The bridge has several platforms that cantilever out over the gorge, allowing pedestrians to stand several feet into space while capturing breathtaking views of the river below. If you are squeamish about heights, you should skip these platforms. The bridge also has sidewalks on both sides and low railings to make you feel somewhat secure, but if you are not keen on heights period, then you won’t care for the undulating sensation beneath your feet as vehicle after vehicle, especially big rigs, crosses the bridge. Note there is nothing between you and an almost six-hundred-foot drop except a chest-high guardrail, which brings me to . . .

Unfortunately, the popularity of the bridge has also made it a suicide magnet. There have been more than 115 suicides in a twenty-year span, with the most recent occurring in the past two months. After years of inaction on suicide prevention, crisis phones were installed at the bridge in late 2014. The ten call boxes each bear a sign that reads, “There is hope.

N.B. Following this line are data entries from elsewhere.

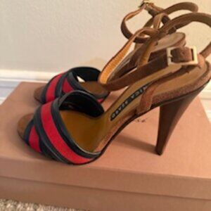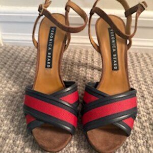 Chic and bold. The Olympia sandal pairs classic Veronica Beard style with a flattering silhouette that works from day to night. Designed with textured red and navy stripes, soft leather trim, and an adjustable ankle strap for a secure fit. 4 1/2" stacked heel adds just the right height. Perfect with jeans, dresses, or tailored looks.
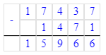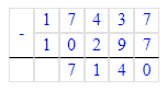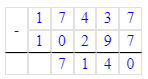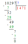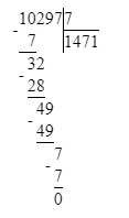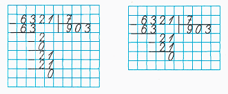 1. Сумма чисел 3 и 4 равняется 7. Значит, на месте единиц тысяч в делимом необходимо писать цифру 7. Подумаем, какое двузначное число с тремя единицами делится на 7 без остатка. Частное чисел 63 и 7 равняется 9. Следовательно, на месте десятков тысяч в делителе необходимо писать число 6, а на месте единиц тысяч в частном – число 9.
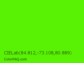 CIELab 84.812,-73.108,80.889 Color is a normal green color and the nearest color is Bright Green #66ff00. Hex code #59f205 and RGB value is rgb(89,242,5). In RGB color space, this color is composed of 35% red, 95% green, 2% blue, In CMYK color space, this color is composed of 63% cyan, 0% magenta, 98% yellow , 5% black , In HSL color space, this color has a hue angle of 99° , 96% saturation and 48% lightness.
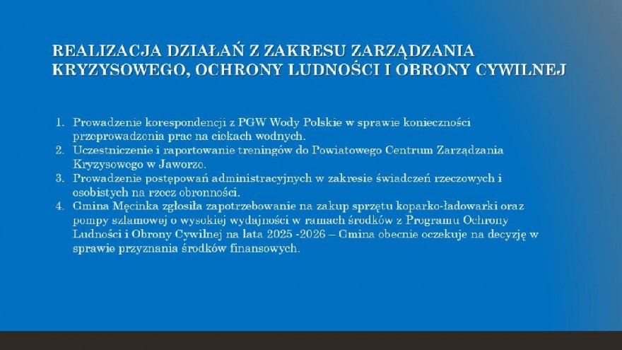 Informacja Wójta Gminy Męcinka Mirosława Brzozowskiego z działalności za okres od ostatniej sesji przedstawiona podczas Sesji Rady Gminy Męcinka w dniu 30 września 2025r.
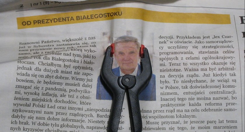„Zamiast dać nam szansę wykorzystania naszego doświadczenia w trudnych czasach, rządzący prowadzą działania osłabiające nasz potencjał” – pisze prezydent we wstępniaku, włączając w wypowiedź od razu wszystkich samorządowców. Żal pada w kontekście ograniczania dopływu pieniędzy: „od kilku lat systematycznie jesteśmy pozbawiani stabilnych źródeł finansowania. Budżety są coraz niższe, stajemy się petentami rządu”. No i to jest bardzo źle, i nie „daje szansy wykorzystania doświadczenia prezydenta w trudnych czasach”.
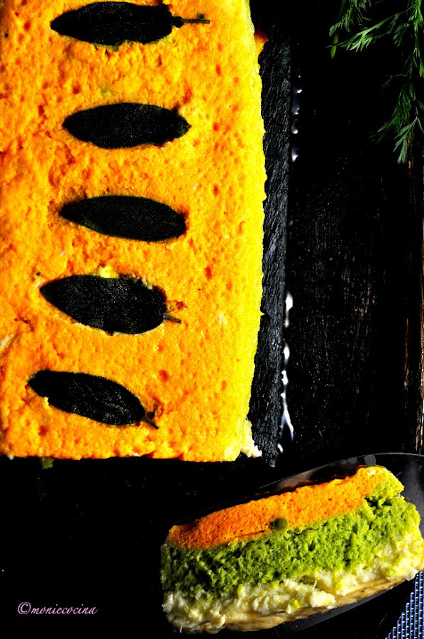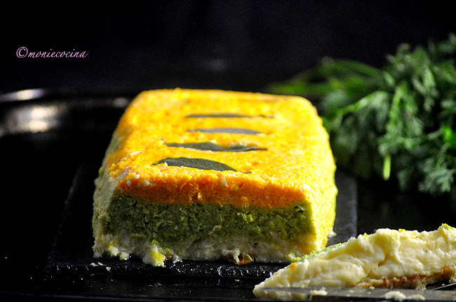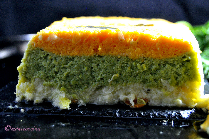 Untamos un molde rectangular con mantequilla y espolvoreamos con queso rallado. Vertemos el puré de calabaza, con cuidado encima el de guisantes y encima el de puerro/patata.
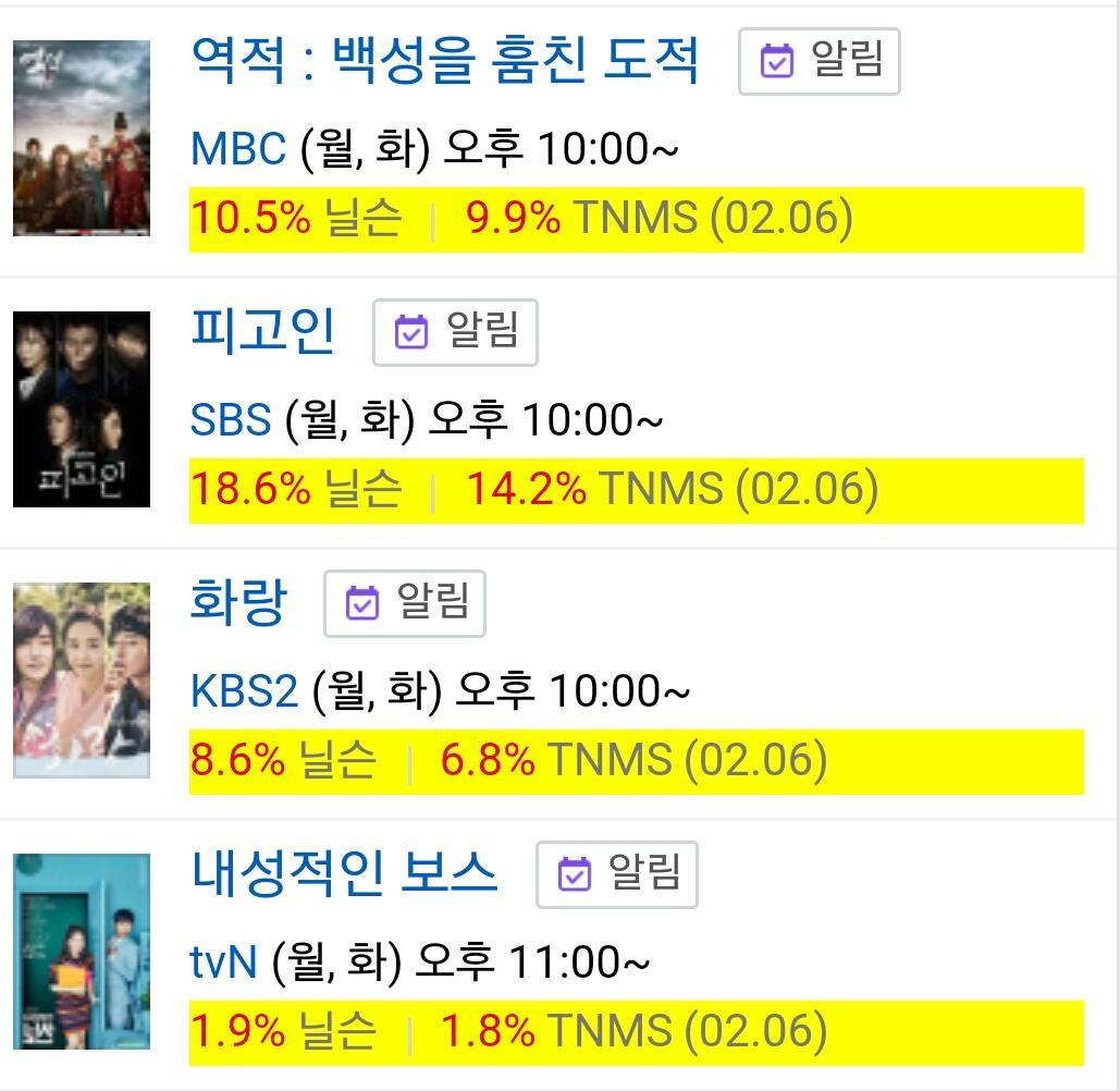 어멋!  피고인이 역적 보다 훨 높네요?
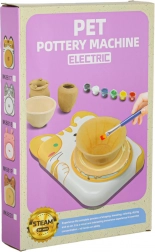 Set vsebuje električno lončarsko kolo, mehko glino, orodja in barve za lahke začetke s keramiko.
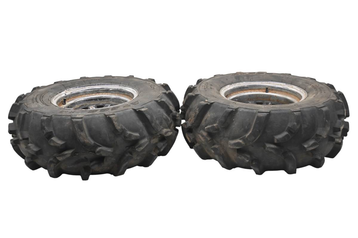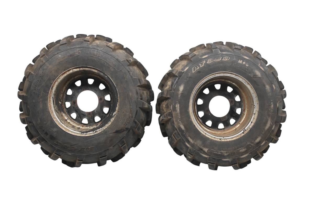 Rims are in good condition. Have light wear and scuff marks. Tires are in good shape with no plugs or holes. Comes as pictured. Was removed from a running 2003 Kawasaki Prairie 650 4x4 KVF650.

Make the call.” When a person presses the call button, he or she is connected to the New Mexico Crisis and Access Line in Albuquerque where counselors field the calls around the clock. Mental health advocates says it is a first step but not a prevention strategy unto itself. The New Mexico Department of Transportation is studying the feasibility of either raising the bridge railings or installing netting. The most famous example of crisis phones being installed (in 1993) was at the Golden Gate Bridge in San Francisco. In the fourteen years following their installation, 380 people leaped to their deaths from the landmark.

During a roadside chat—or call it a bridge-side chat—with a long-time Taoseño, he commented about the locals referring to the bridge as the “bridge to nowhere,” because while it was being built funding did not even exist to continue Highway 64 on the other side of the gorge. But by the time the bridge was dedicated in 1965, not only had funding been approved, but also US Route 64 was in operation as a major east-west highway.

After you walk the bridge and/or hike the state park area along the gorge, take a beverage break and enjoy the stunning views.